A sick feeling of hopelessness is starting to take up residence in the pit of Steve’s stomach. There has to be something he can do. Some way he can find out how to either stave off the effects of the change or turn them to his advantage so that he doesn’t become a scented homing beacon for dull, lonely Alphas with blue balls and time to kill. Ugh, speaking of which, Steve’s going to need to go home soon before it gets dark or he’ll really be courting Trouble as the Alphas working in the vicinity of the library leave work and head for the nearest watering hole.

Trouble, it seems, has come courting Steve instead. A shadow falls across the page he’s skimming in the anemic yellow light coming from the ceiling lamps. Steve closes his eyes for a moment, hoping and praying the shadow belongs to someone who isn’t prone to preying on Omegas who have strayed from the pack. The man clears his throat, thereby asking for Steve’s attention, and Steve reluctantly turns his head to the right and takes in the sight of the stranger from his expensive shoes up the length of his smartly creased black wool pants to a buttoned-up red cardigan and white collared shirt.

"Excuse me, hello. I was wondering if you happened to be done with those books there?” the man inquires politely, pointing to the stack of books Steve has been perusing. He finally looks up far enough to match the voice with the face and is slightly startled again, his breath hitching in his throat, to find that the voice belongs to another Omega. And a small one at that. Small but attractive.

It’s in the eyes, you see.

The designation of whether you’re an Alpha, a Beta, or an Omega. It’s hard to explain, but Steve can still remember when he was 5 or 6 and recognized an Alpha for the first time. There’s a haughty glint in their eyes that is unmistakable. Beta eyes have a clear, crisp glint, one of professionalism and service. Steve’s lucky if he sees anything glinting back at him from other Omegas’ eyes. Okay, so they’re not all that bad, but he’s not exaggerating that much either, which is sad. Some Omegas, however, can talk the talk and walk the walk of an Alpha, but once you get a look at their eyes the jig is up. Hence, Steve’s nervousness from a little bit ago. This one’s got the voice and mannerisms down pat. He’s even dressed the part. All he’d have to do is don some fancy sunglasses and people would have no trouble believing he was some billionaire Alpha playboy.

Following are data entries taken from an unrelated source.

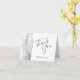 Den här eleganten är ett bröllop-tack som du har ett grått- och vitt vattenfärgat agat gräns som trimmas med faux silver glitter. Anpassadet kombinerar ord "Tack" i handskriftsskript för kol-grått och namnen för bruden och groomen i kursivt teckensnitt på vit bakgrund.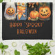 Happy "Spooky" Halloween Pumpkins Black Cat Ghosts Tea Towel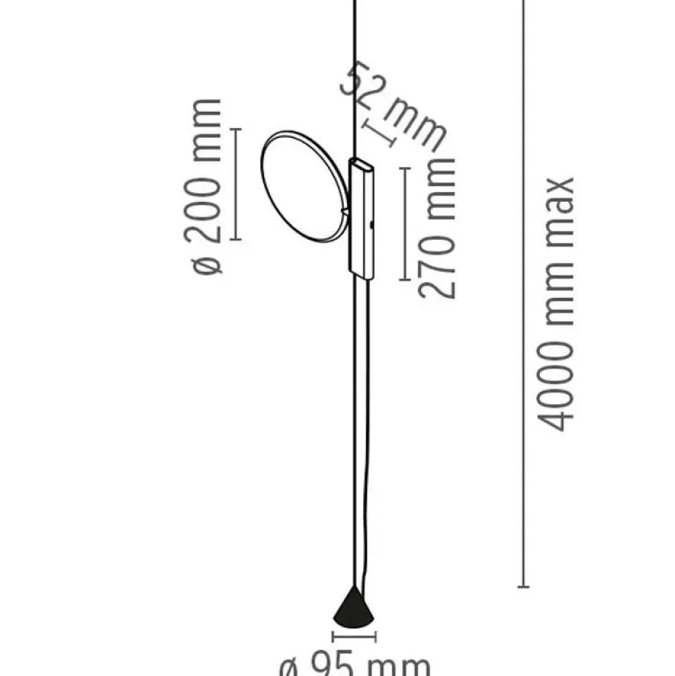 Apparecchio di illuminazione a luce diretta. Testa in alluminio pressofuso verniciato lucido o cromato. Corpo in PA66+30%FV stampato ad iniezione con cover in alluminio estruso verniciato lucido o cromato. Testa orientabile. Il movimento verticale del corpo illuminante è ottenuto mediante lo scorrimento della struttura interna del corpo su un cavetto di acciaio teso tra il plafone e il pavimento (lunghezza utile 4000mm). Interruttore dimmerabile con tecnologia Soft Touch. Alimentatore su spina con plug intercambiabili.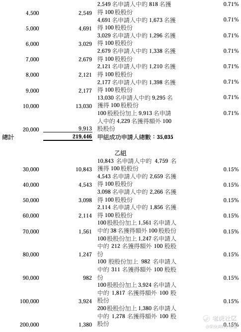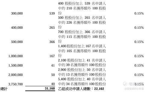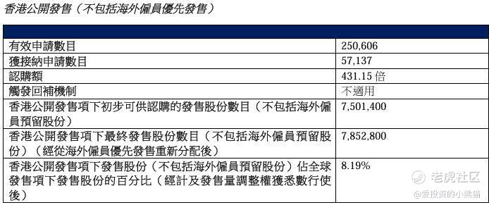 配售情况:250606人认购,这次公配431.15倍,由于机制B分配,无回拨比率,国配有18.50倍,一手中签率0.71%,认购200手稳中1手,同时乙组31160人申购,其中顶头槌申购40张,获配率0.15%。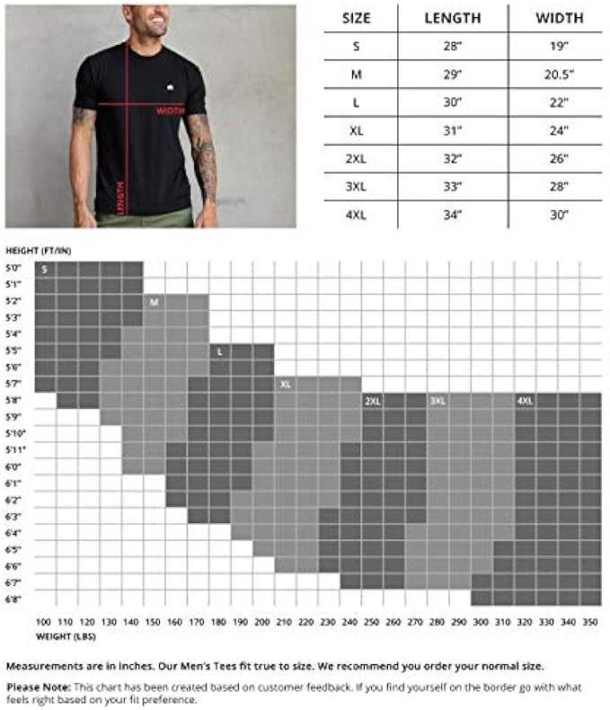 • Our mens tee shirts fit true-to-size. Please refer to the size chart to find the perfect men t shirt for you

Steve remembers then that he has been asked a question and pulls himself away from his wayward thoughts to stammer out a reply. “These books?” he asks as he turns to glance at the hardcover tomes before looking back up at the man. “Well, um, not exactly. I was just uh, pulling them down to look through them.”

“Were you going to check them out?”

Steve’s eyes widen in alarm for a moment before he quickly answers with a vehement shake of his head, “Are you kidding me, of course not! Not sure they’d let me back in here if they saw what I wanted to take home with me.” Steve looks down at the book in his hands and mutters mostly to himself, “not sure if I’d even make it home if I ran into an Alpha with books like these under my arm.”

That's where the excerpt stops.